Find the line with "The Roll of" in the entries below, then output every line from it down to the line with "Ozdobny, poziomy szyld", exactly and with no pictures.

■ **Material provided**:
====
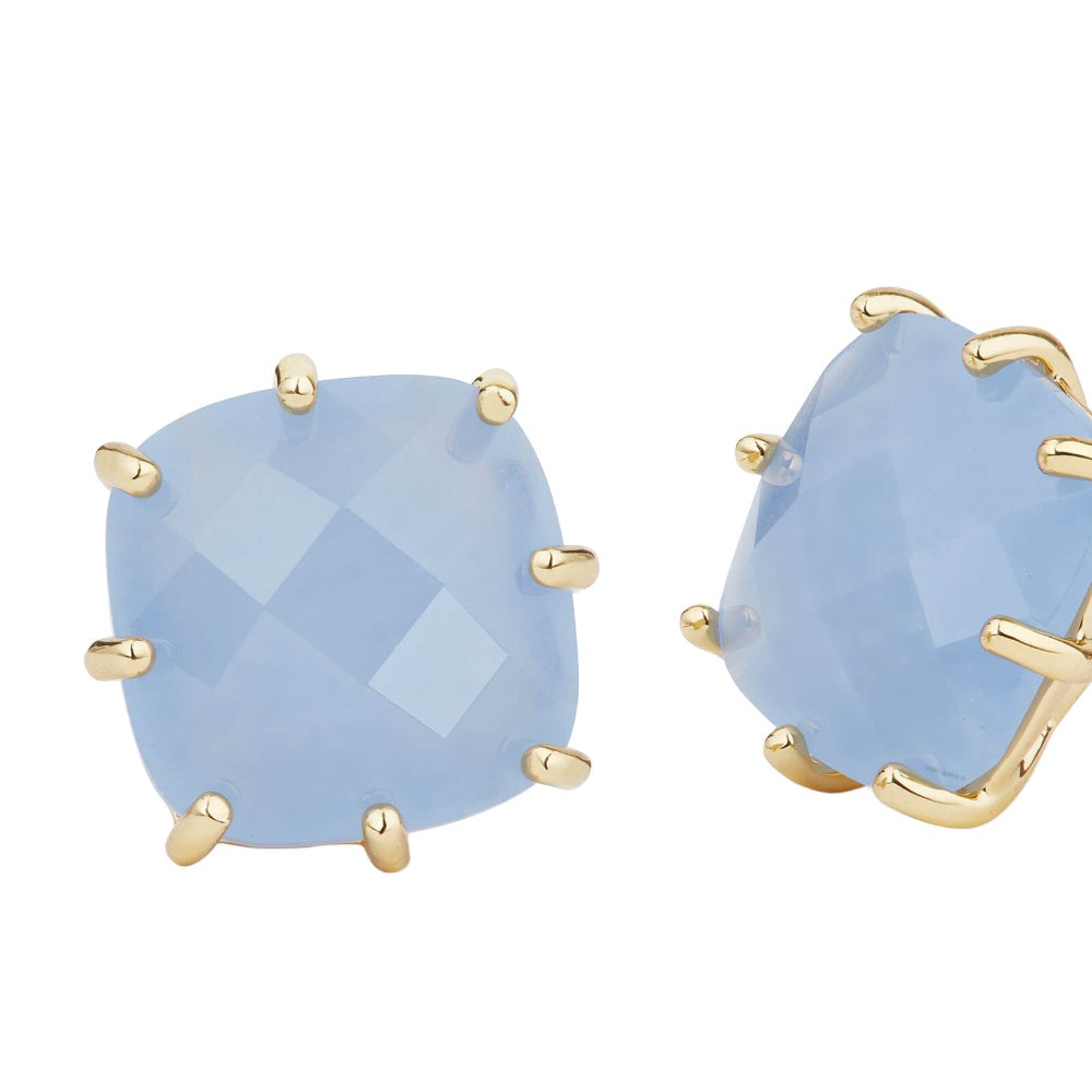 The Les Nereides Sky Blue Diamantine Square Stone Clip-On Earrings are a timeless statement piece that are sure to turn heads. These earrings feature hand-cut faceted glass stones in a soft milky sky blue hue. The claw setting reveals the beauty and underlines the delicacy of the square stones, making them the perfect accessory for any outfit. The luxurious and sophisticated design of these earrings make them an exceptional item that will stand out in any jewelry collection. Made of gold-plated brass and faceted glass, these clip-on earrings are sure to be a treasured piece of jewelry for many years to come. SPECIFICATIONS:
====
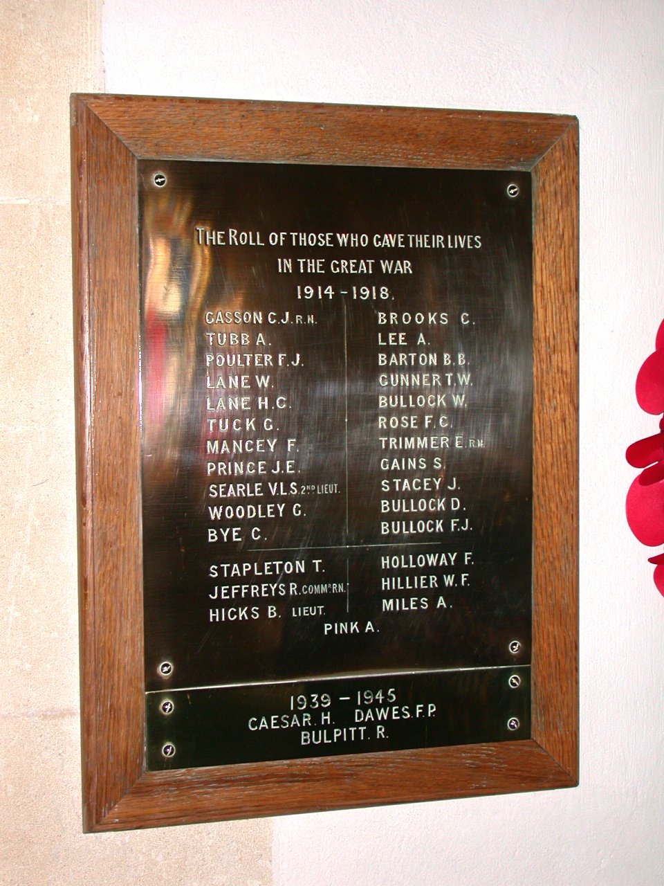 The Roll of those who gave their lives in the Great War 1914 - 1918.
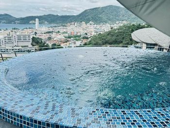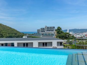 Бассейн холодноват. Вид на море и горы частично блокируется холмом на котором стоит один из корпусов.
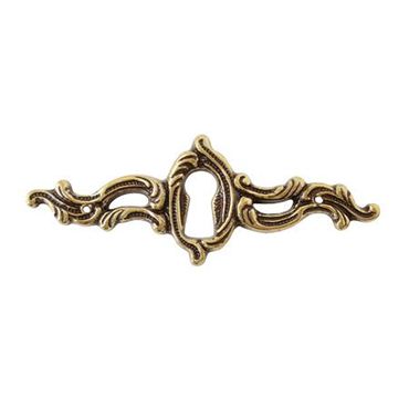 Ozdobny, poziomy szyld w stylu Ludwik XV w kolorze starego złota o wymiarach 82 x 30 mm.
====
■ **Response to this task**:
 The Roll of those who gave their lives in the Great War 1914 - 1918.
 Бассейн холодноват. Вид на море и горы частично блокируется холмом на котором стоит один из корпусов.
 Ozdobny, poziomy szyld w stylu Ludwik XV w kolorze starego złota o wymiarach 82 x 30 mm.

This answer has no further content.